Objective: To compare the effectiveness of two methods in encouraging the consideration of a leap from one patient management routine to another: (i) real-time review of the facts by an external medical team (ii) implementation of the 're-thinking-protocol' ('de-Freezing') by both treating and external medical teams.
Design: Students accompanied doctors, nurses and patients as non-interrupting observers. When an obvious gap between the expected and actual findings occurred, it was discussed four times: by two teams (treating team, external medical team) in two discussion modes (real-time review, de-Freezing-questionnaire). The students then recorded if a leap was considered for each discussion.
Setting: The study was conducted in the emergency department of the Baruch Padeh Medical Centre, Poriya, Israel.
Participants: All patients were included during times when both medical teams (treating, external) were present.
Intervention(s): During 14 periods of 5-7 h each, 459 patients were sampled. In 183 patients, 200 gaps were discovered.

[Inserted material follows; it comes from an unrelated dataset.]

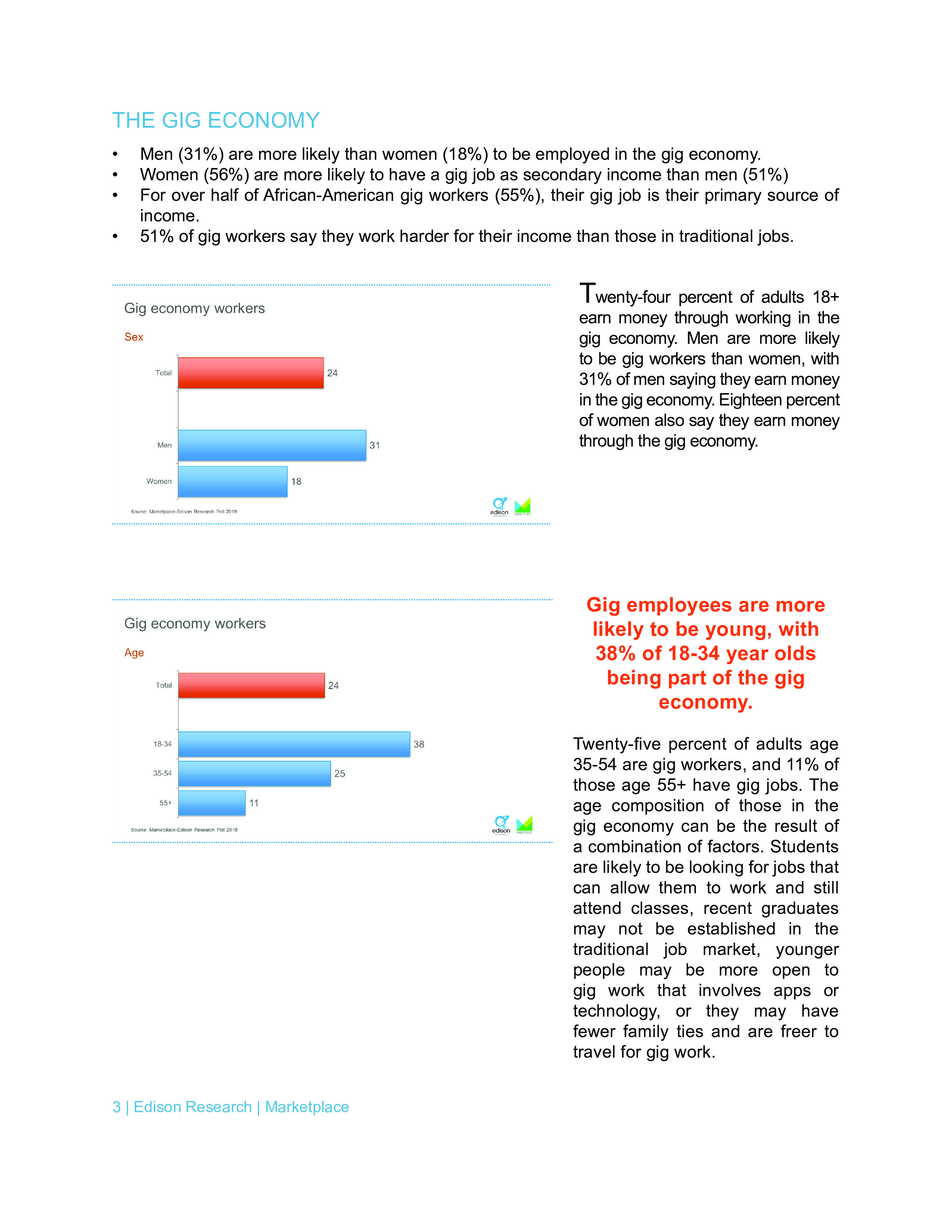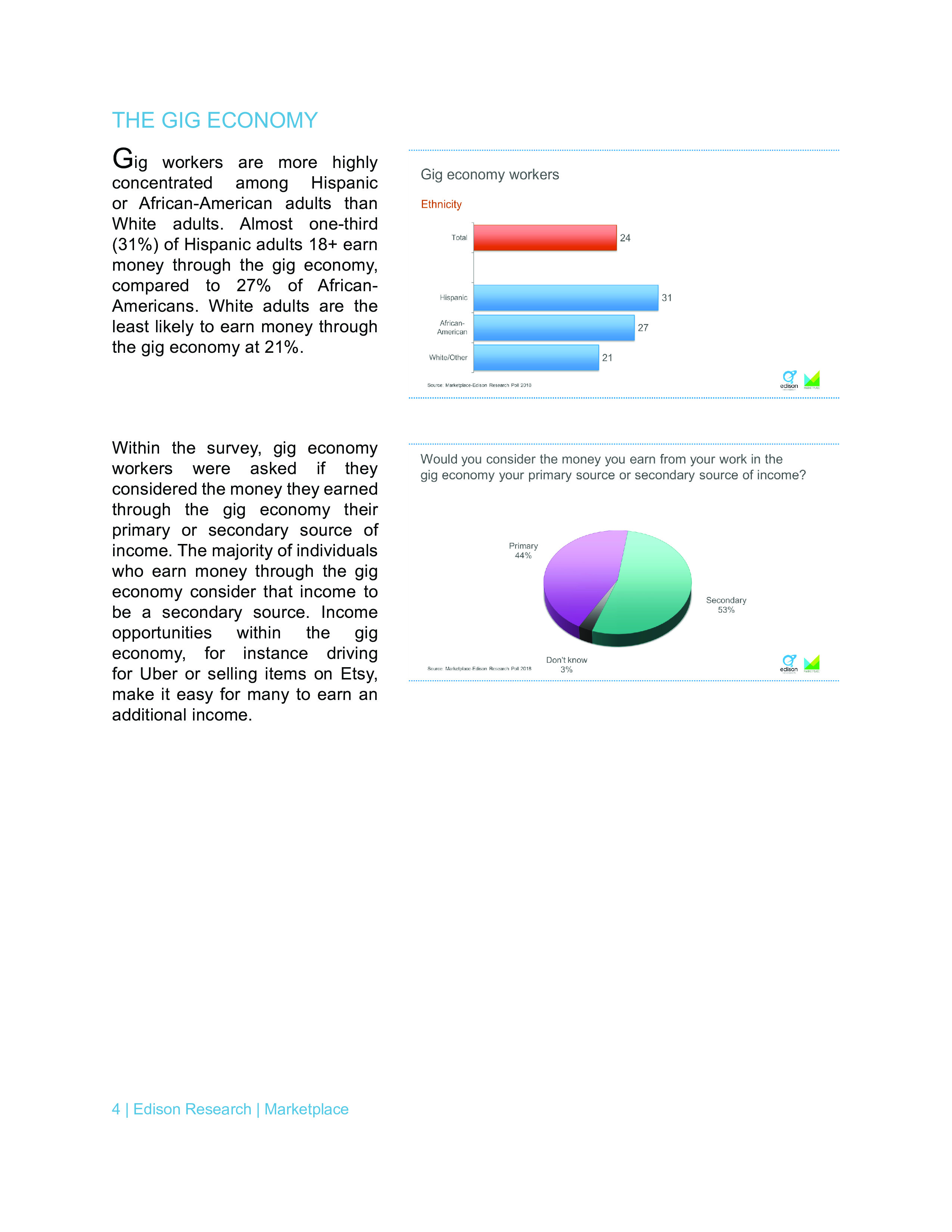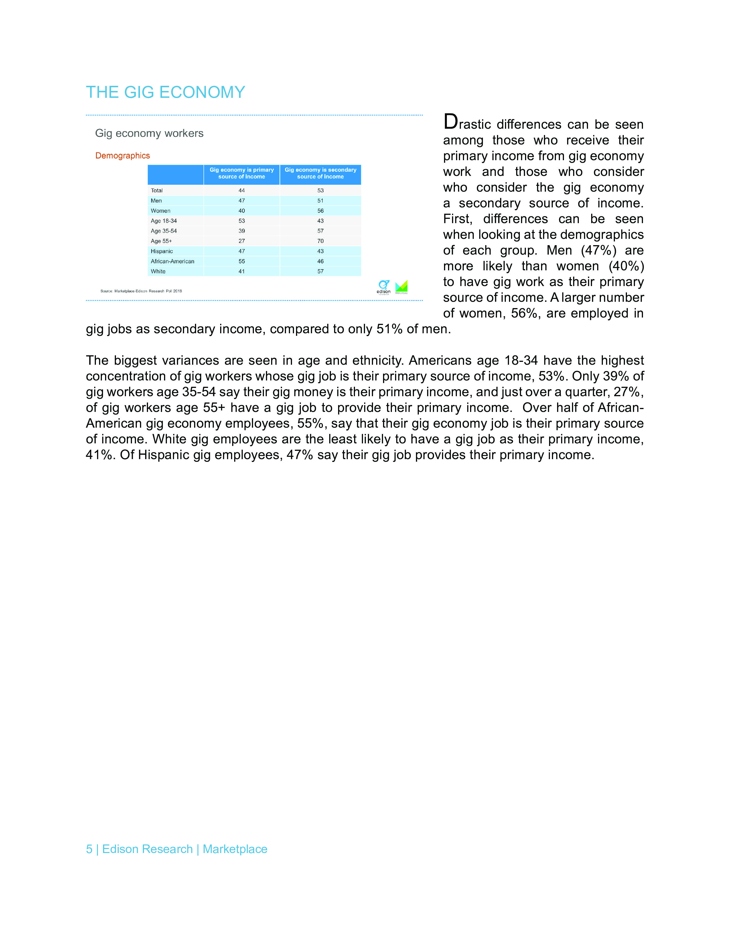 年龄在18-34岁之间受访者中有53%表示零工经济是他们的主要收入来源。
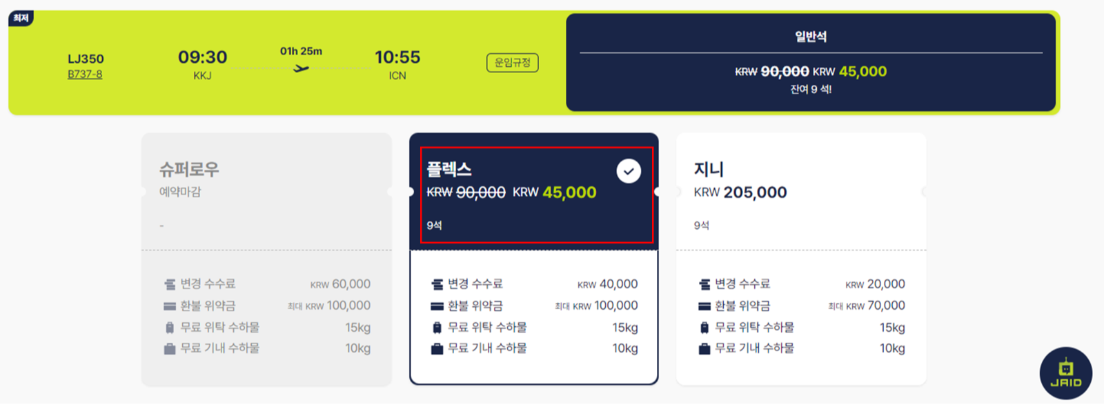 - 대상 운임 : 슈퍼로우 전체 / 플렉스 일부 한정

Results: The external team considered a leap 76 times, compared with 47 by the treating team (P < 0.001). Using the de-Freezing-protocol, the treating team considered a leap 133 times. Interestingly, even the external team benefited from the de-Freezing protocol and considered a leap 140 times (NS compared to the treating team).
Conclusions: While the importance of timely leaping from one patient management routine to another is emphasized in the training of physicians, medical teams too often fail to do so. The de-Freezing-protocol inexpensively encourages the consideration of a leap beyond what is evoked by the involvement of an external team. The protocol is applicable to all medical processes and should be incorporated into medical practice and education.
Keywords: quality improvement < quality management; quality management.